Several limitations of the study deserve comment. First, the design of the present study was based on hospital-based cross-sectional study, which is susceptible to selection bias. Second, the sample is not representative should also be stressed, and the sample size was moderate, limiting its ability to detect more significant association results. Third, the multiple regression models indicated only a moderate influence of MetS on DHF and SHF. Other environmental and genetics factors may contribute to the unexplained variation in DHF and SHF prevalence. Forth, the association between insulin resistance and the two outcomes was not analyzed in the present study.
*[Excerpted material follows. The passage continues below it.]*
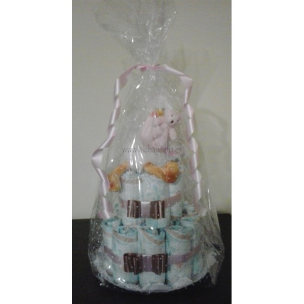 Tarta de pañales 2 pisos, formada aproximadamente por 25 pañales de talla T-3 (4 - 10 kilos) marca DODOT y peluche 0+ meses en color rosa de 18 cm alto, el peluche cumple con la normativa EN 71 CE. Tarta de pañales decorada con lazos rosas y papel celofan transparente en bandeja de diámetro 25 cm.
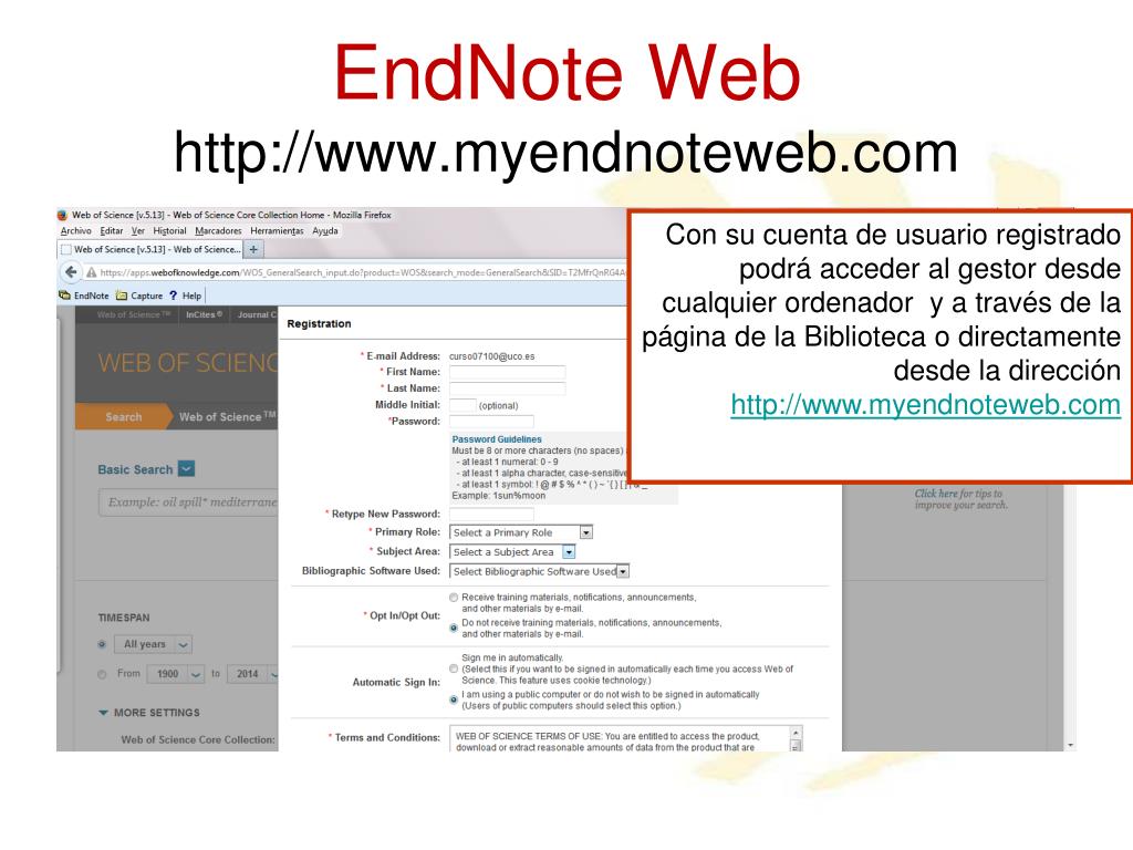 EndNote WebPágina de inicio El primer paso es registrarse a través de la página de la Biblioteca, desde la sección Bases de Datos, seleccione WOS y Regístrese Una vez que tenga la cuenta de usuario podrá acceder desde cualquier ordenador conectado a internet, desde la dirección: http://www.myendnoteweb.com

This is because data on fasting blood insulin were seriously missing. Similar data interpretation was performed in blood BMP levels. Finally, it is important to mention that our study concerned Chinese individuals and our findings may not be relevant to those of other ethnic.

Conclusion

Our findings signify that MetS is an independently shared predictor of DHF and SHF, and HT is also an independently shared predictor to both outcomes, and TG and FPG is independently association with DHF and SHF, respectively. In addition, MetS has a high value in predicting DHF and SHF. There is a tendency toward increased prevalence of DHF and SHF with increasing MetS severity score. This supports the hypothesis that MetS areis involved in the regulation of progression of DHF and SHF. The present observation provides novel insight into future biological function researches.